Where "toolname" can be replaced with the name (or fragment of a name) of any of the Maatkit tools. Once downloaded, they're ready to run; no installation is needed. The first URL gets the latest released version of the tool, and the second gets the latest trunk code from Subversion.

ENVIRONMENT

The environment variable "MKDEBUG" enables verbose debugging output in all of the Maatkit tools:

   MKDEBUG=1 mk-....

SYSTEM REQUIREMENTS

You need Perl, DBI, DBD::mysql, and some core packages that ought to be installed in any reasonably new version of Perl.

BUGS

For list of known bugs see <http://www.maatkit.org/bugs/mk-slave-prefetch>.

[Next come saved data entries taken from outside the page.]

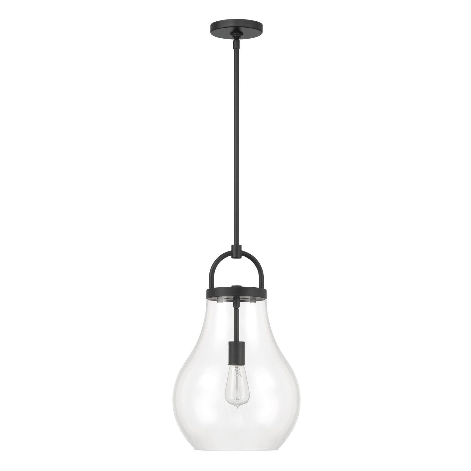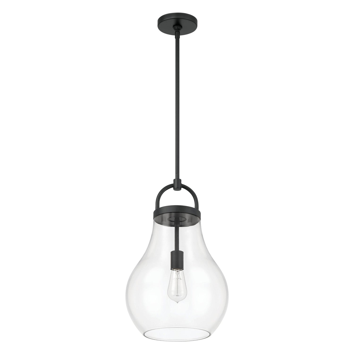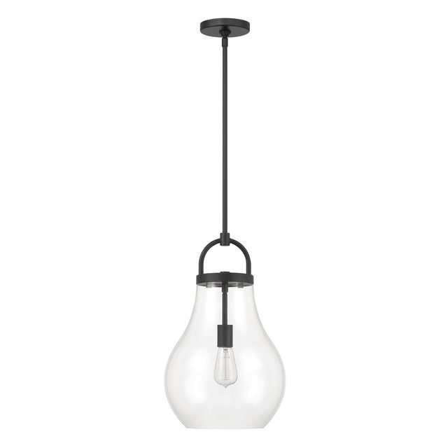 The Naya Medium Pendant 12", Matte Black and Clear Glass brings modern simplicity with an effortless sense of refinement to contemporary interior settings. This fixture is characterized by its distinctive architectural details, featuring an oversized decorative loop that serves as a sophisticated visual anchor for the design. Paired with a softly tapered teardrop clear glass shade, the Naya collection creates a graceful and polished presence that complements a wide array of interior styles. The transparent glass allows for maximum light output, ensuring your space is brilliantly illuminated while adding a touch of understated luxury to your home.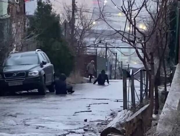 Ученики не могли спокойно идти по улице, а автобусы буксовали на льду.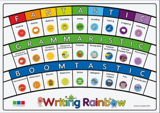 In The Write Stuff approach to writing, children explore high quality, rich vocabulary and are taught grammar in context through different writing lenses on the Writing Rainbow. There are three lenses used to support children with their writing:

Please use Google Code Issues and Groups to report bugs or request support: <http://code.google.com/p/maatkit/>. You can also join #maatkit on Freenode to discuss Maatkit.

Please include the complete command-line used to reproduce the problem you are seeing, the version of all MySQL servers involved, the complete output of the tool when run with ``--version'', and if possible, debugging output produced by running with the "MKDEBUG=1" environment variable.

COPYRIGHT, LICENSE AND WARRANTY

This program is copyright 2007-2010 Baron Schwartz. Feedback and improvements are welcome.

THIS PROGRAM IS PROVIDED ``AS IS'' AND WITHOUT ANY EXPRESS OR IMPLIED WARRANTIES, INCLUDING, WITHOUT LIMITATION, THE IMPLIED WARRANTIES OF MERCHANTIBILITY AND FITNESS FOR A PARTICULAR PURPOSE.

This program is free software; you can redistribute it and/or modify it under the terms of the GNU General Public License as published by the Free Software Foundation, version 2; OR the Perl Artistic License. On UNIX and similar systems, you can issue `man perlgpl' or `man perlartistic' to read these licenses.

You should have received a copy of the GNU General Public License along with this program; if not, write to the Free Software Foundation, Inc., 59 Temple Place, Suite 330, Boston, MA 02111-1307 USA.

AUTHOR

Baron Schwartz, Daniel Nichter

ABOUT MAATKIT

This tool is part of Maatkit, a toolkit for power users of MySQL. Maatkit was created by Baron Schwartz; Baron and Daniel Nichter are the primary code contributors. Both are employed by Percona. Financial support for Maatkit development is primarily provided by Percona and its clients.

VERSION

This manual page documents Ver 1.0.19 Distrib 6652 $Revision: 6644 $.